In a related article from Q2 of 2023, we discussed the relevance of UAE CT across different stages of a deal. This article will focus on practical tax considerations observed throughout the life cycle of a deal, from the Non-Binding Offer stage to closing, and key factors to remember during due diligence and structuring for transactions involving UAE businesses.
A. Tax Due Diligence
Previously, tax due diligence for a UAE company mainly focused on VAT compliance, permanent establishment risks in other countries, and economic substance filings. Lately, acquirers are showing more interest in the corporate tax readiness of UAE targets. This includes assessing whether UAE CT impact assessments have been conducted and the status of implementation efforts. While this due diligence isn’t a full UAE CT impact assessment, having such a report can reassure the acquirer about the target’s preparedness for UAE CT.

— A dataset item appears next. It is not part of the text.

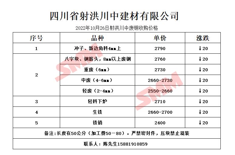 10月26日 四川射洪川中 废钢收购价格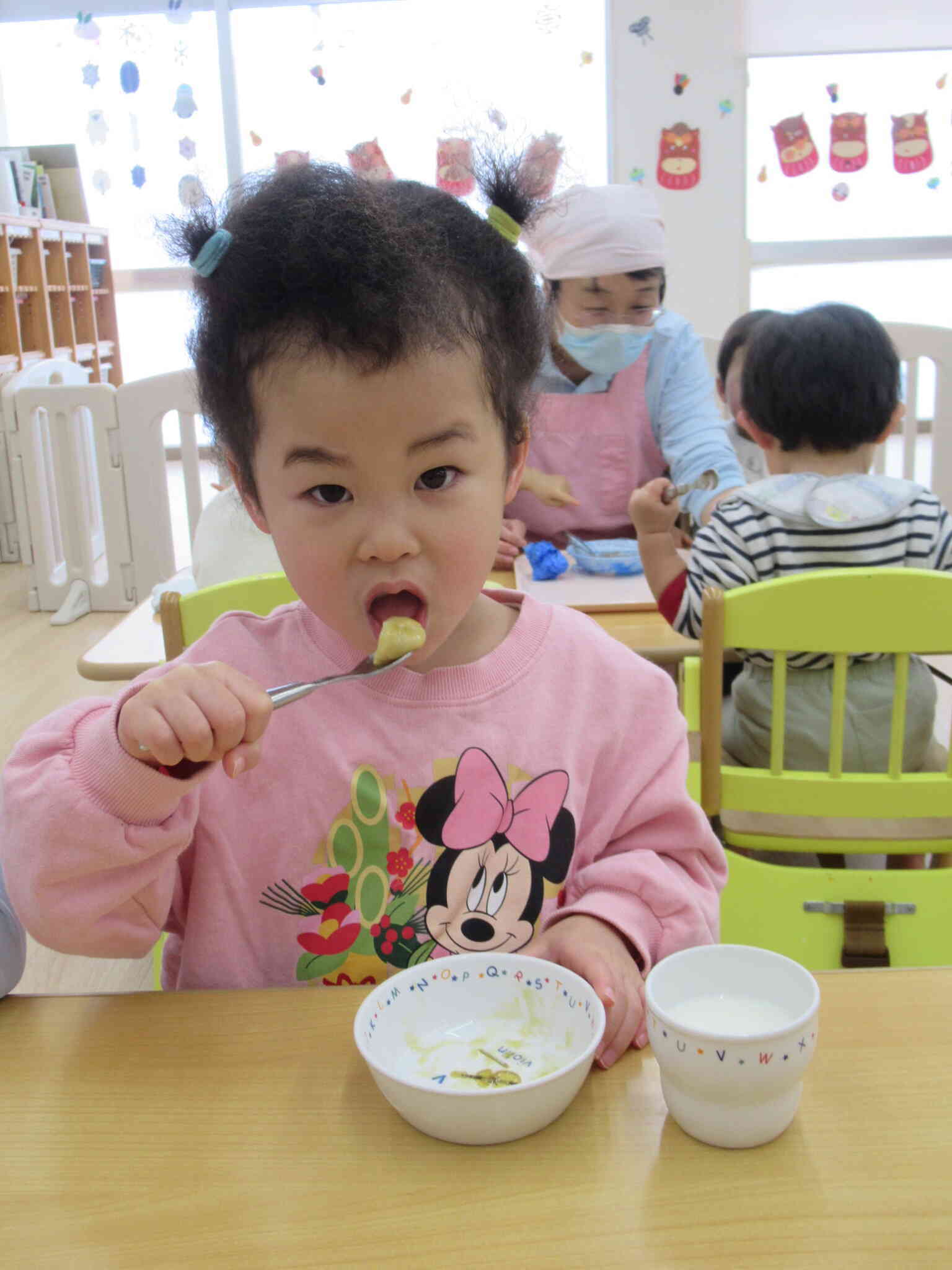 小正月行事でおもちつきごっこを楽しんだ後、さといもで作ったお団子にみたらしをかけたおやつを食べました。甘じょっぱいみたらし味は子どもたちにも大人気。おかわりもあっという間になくなりました。

Here are some key areas to consider during the deal process:
– Formation of a UAE CT group by the target companies and its impact on the acquirer. The UAE CT law has intricate rules for companies joining an existing UAE CT group, which can be structured if the acquiring company is a newly established UAE entity.
– Utilization of free zone benefits with a 0% tax rate by the target companies. Assess if the target has met all conditions per Article 18 of the UAE CT law, as this directly affects the acquirer’s tax costs and cash flows.
– Impact of transfer pricing. While transfer pricing is standard globally, it wasn’t a concern in the UAE before the UAE CT law. Many UAE groups may have conducted related party transactions that need to be reviewed for compliance with OECD TP Rules and the UAE CT law. Adjusting pricing arrangements can significantly impact the financials of the target.
– Risk of overseas entities within the target structure being deemed UAE tax residents due to effective control and management exercised in the UAE.
By addressing these key tax considerations throughout the deal process, businesses can navigate the changing M&A tax landscape in the Middle East more effectively and efficiently.